* **Task details**: Please repeat the data exactly. Any picture in it stays out.

-------- Given material --------

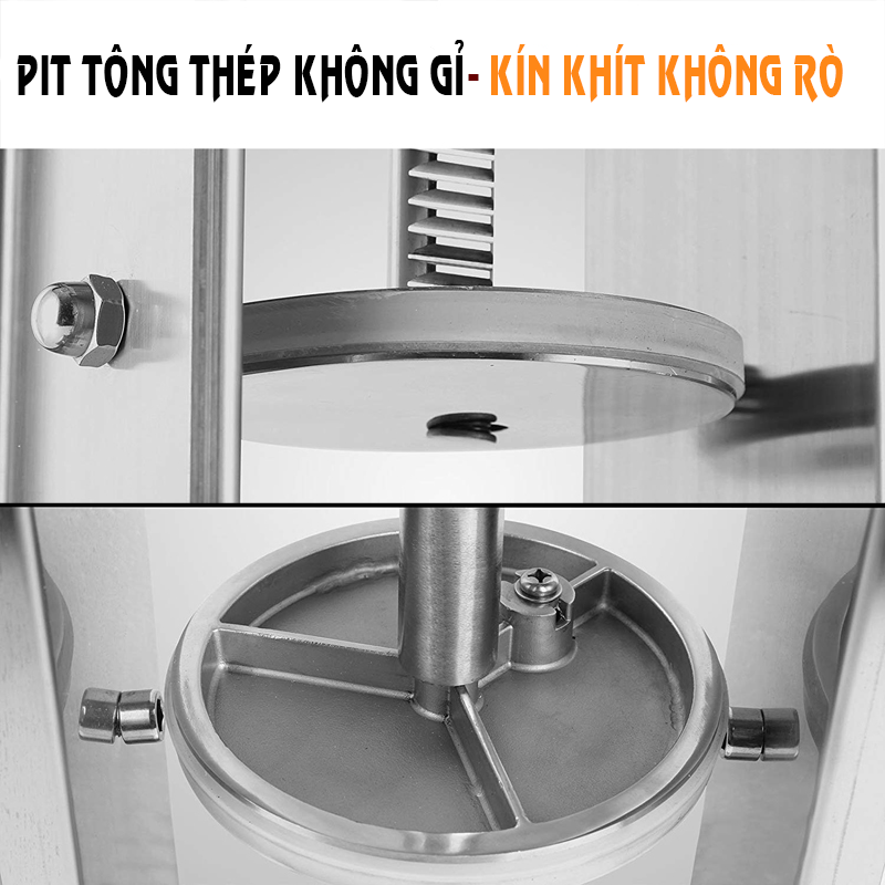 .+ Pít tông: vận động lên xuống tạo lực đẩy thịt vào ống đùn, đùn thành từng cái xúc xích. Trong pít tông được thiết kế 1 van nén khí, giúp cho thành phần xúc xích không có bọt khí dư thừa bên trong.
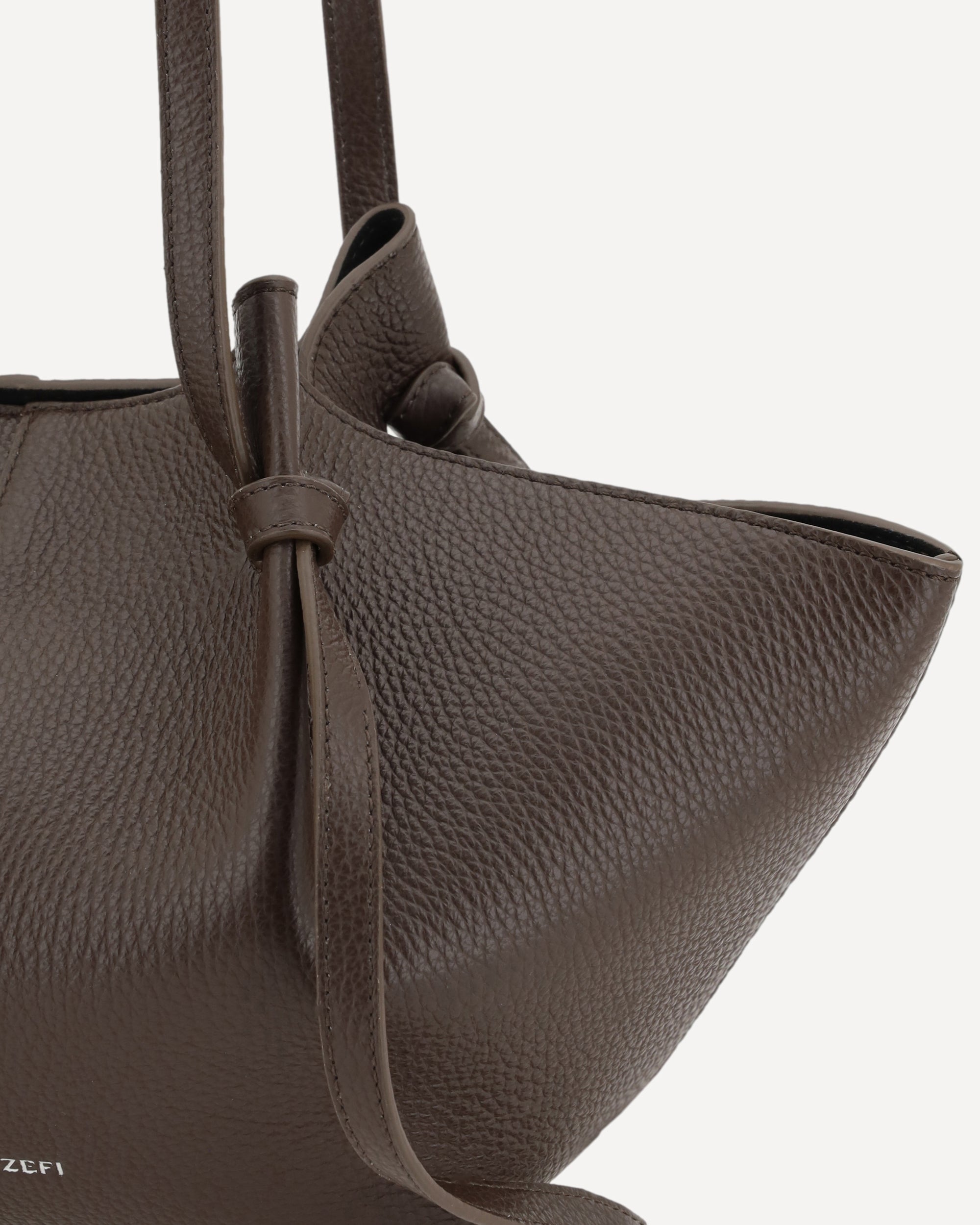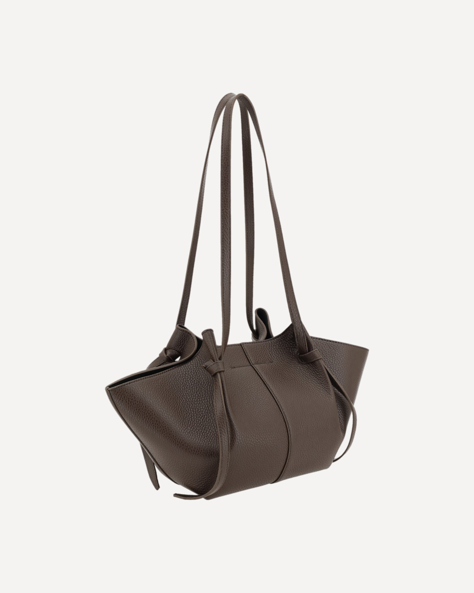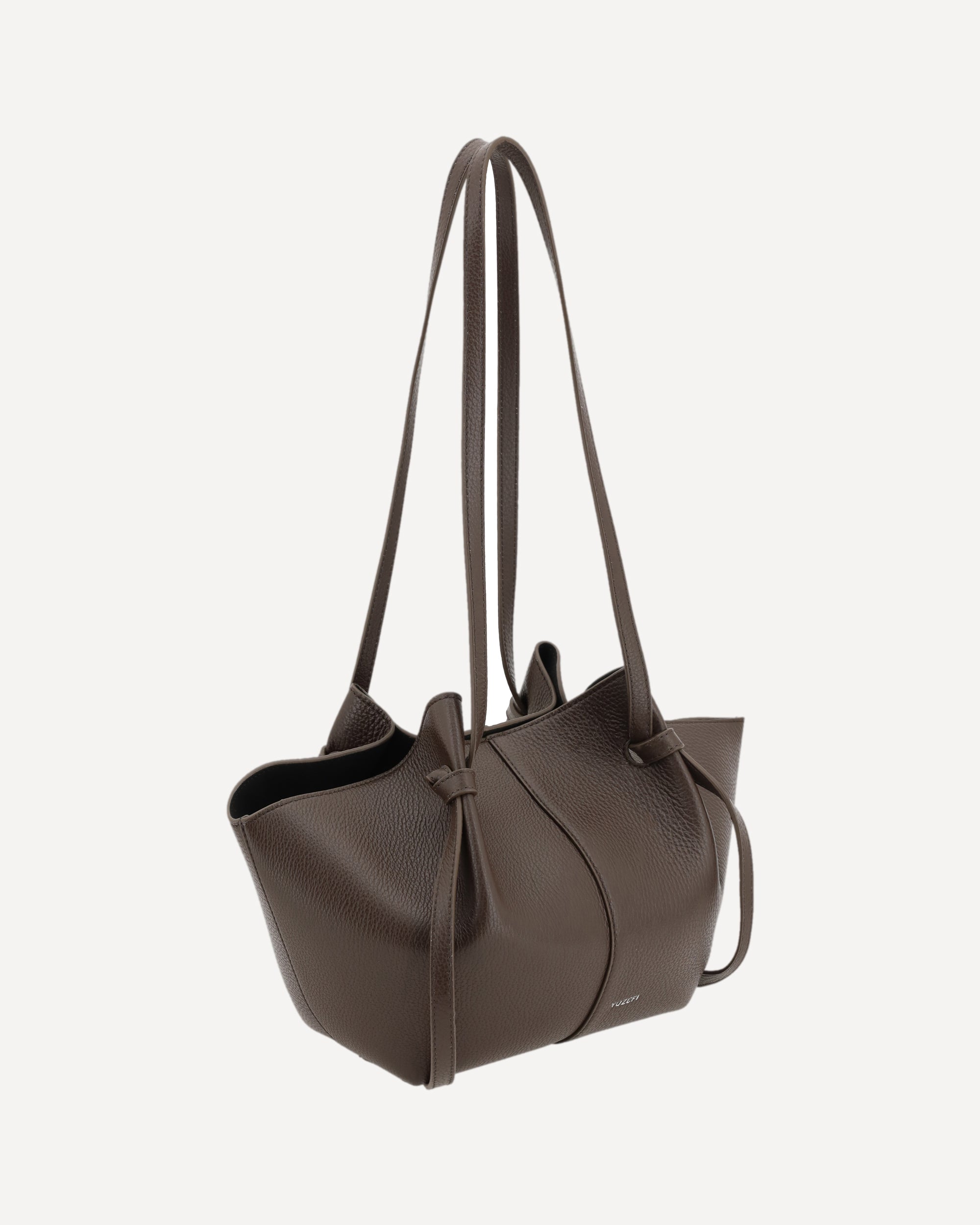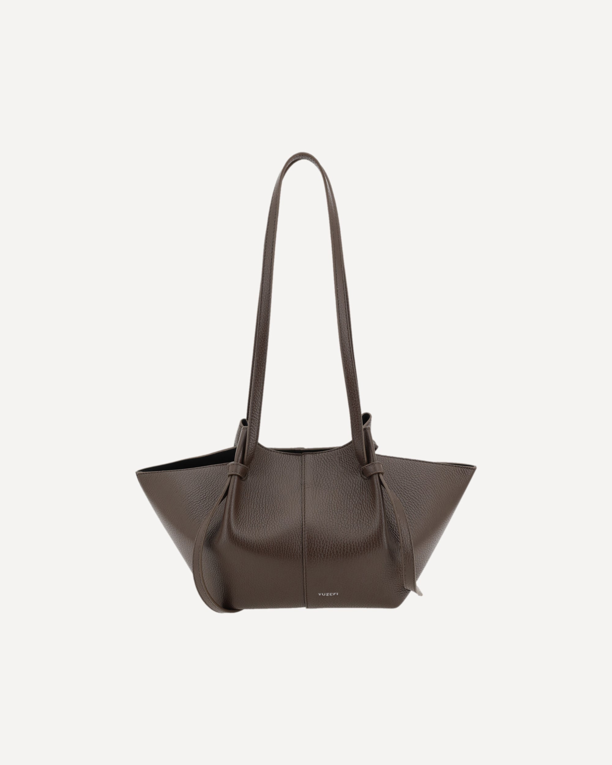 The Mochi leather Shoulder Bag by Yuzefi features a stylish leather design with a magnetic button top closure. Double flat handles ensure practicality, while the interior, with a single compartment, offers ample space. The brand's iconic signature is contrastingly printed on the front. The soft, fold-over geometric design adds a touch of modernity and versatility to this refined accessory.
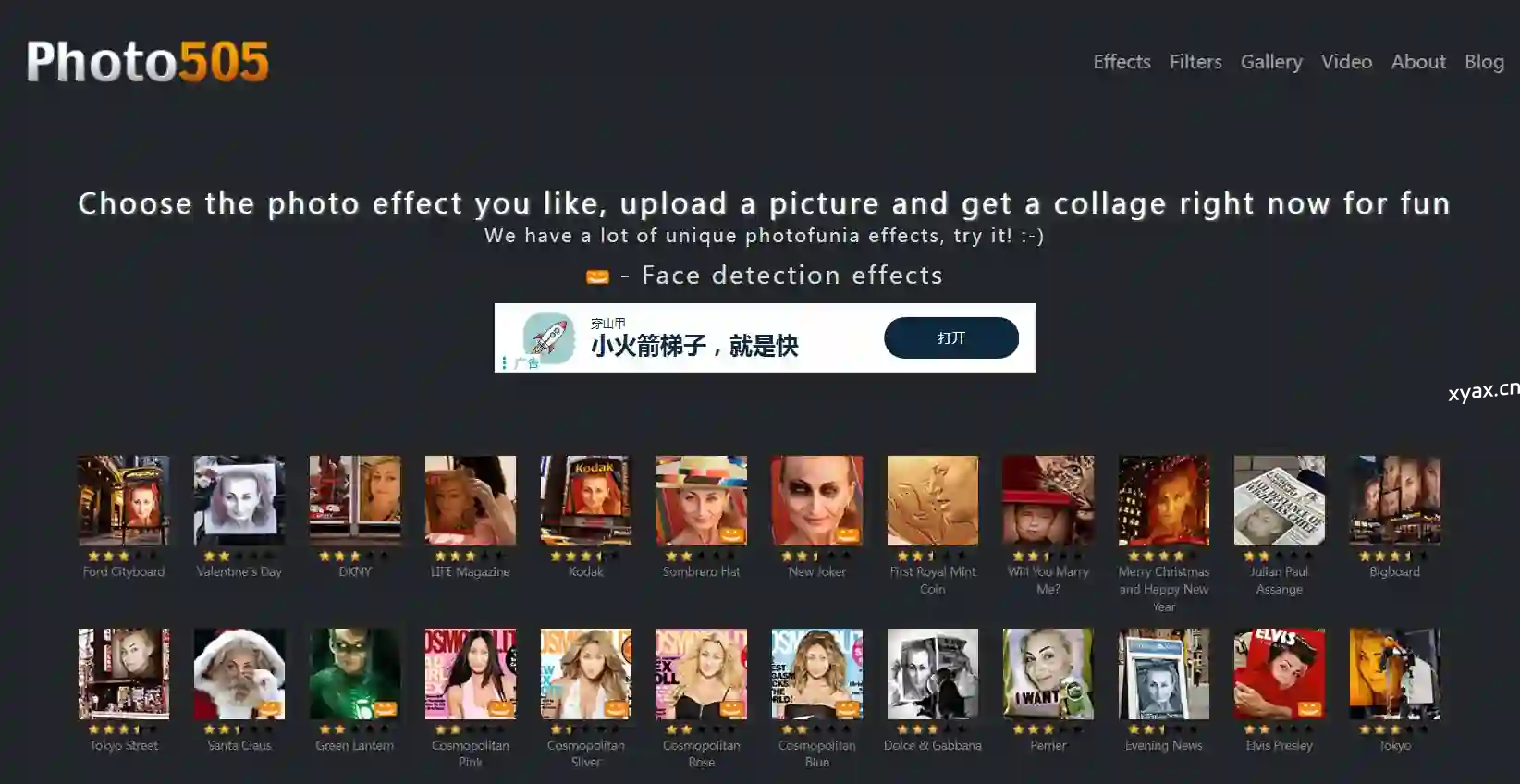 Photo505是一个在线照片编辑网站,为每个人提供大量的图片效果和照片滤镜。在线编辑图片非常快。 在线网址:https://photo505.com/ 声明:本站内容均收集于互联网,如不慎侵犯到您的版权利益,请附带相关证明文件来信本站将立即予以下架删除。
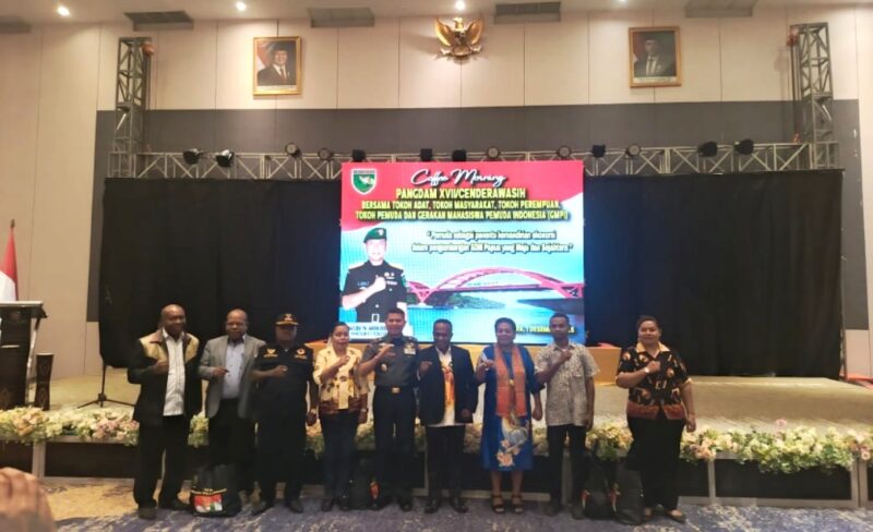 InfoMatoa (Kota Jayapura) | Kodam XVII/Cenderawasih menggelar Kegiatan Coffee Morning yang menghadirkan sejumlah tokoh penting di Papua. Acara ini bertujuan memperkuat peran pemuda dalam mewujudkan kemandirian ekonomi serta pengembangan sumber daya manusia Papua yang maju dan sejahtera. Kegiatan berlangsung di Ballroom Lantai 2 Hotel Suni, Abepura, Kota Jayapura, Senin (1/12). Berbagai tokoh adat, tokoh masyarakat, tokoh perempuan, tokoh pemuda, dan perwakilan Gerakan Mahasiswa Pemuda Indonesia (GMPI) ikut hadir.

--------

* **Solution for this exercise**:
 .+ Pít tông: vận động lên xuống tạo lực đẩy thịt vào ống đùn, đùn thành từng cái xúc xích. Trong pít tông được thiết kế 1 van nén khí, giúp cho thành phần xúc xích không có bọt khí dư thừa bên trong.
 The Mochi leather Shoulder Bag by Yuzefi features a stylish leather design with a magnetic button top closure. Double flat handles ensure practicality, while the interior, with a single compartment, offers ample space. The brand's iconic signature is contrastingly printed on the front. The soft, fold-over geometric design adds a touch of modernity and versatility to this refined accessory.
 Photo505是一个在线照片编辑网站,为每个人提供大量的图片效果和照片滤镜。在线编辑图片非常快。 在线网址:https://photo505.com/ 声明:本站内容均收集于互联网,如不慎侵犯到您的版权利益,请附带相关证明文件来信本站将立即予以下架删除。
 InfoMatoa (Kota Jayapura) | Kodam XVII/Cenderawasih menggelar Kegiatan Coffee Morning yang menghadirkan sejumlah tokoh penting di Papua. Acara ini bertujuan memperkuat peran pemuda dalam mewujudkan kemandirian ekonomi serta pengembangan sumber daya manusia Papua yang maju dan sejahtera. Kegiatan berlangsung di Ballroom Lantai 2 Hotel Suni, Abepura, Kota Jayapura, Senin (1/12). Berbagai tokoh adat, tokoh masyarakat, tokoh perempuan, tokoh pemuda, dan perwakilan Gerakan Mahasiswa Pemuda Indonesia (GMPI) ikut hadir.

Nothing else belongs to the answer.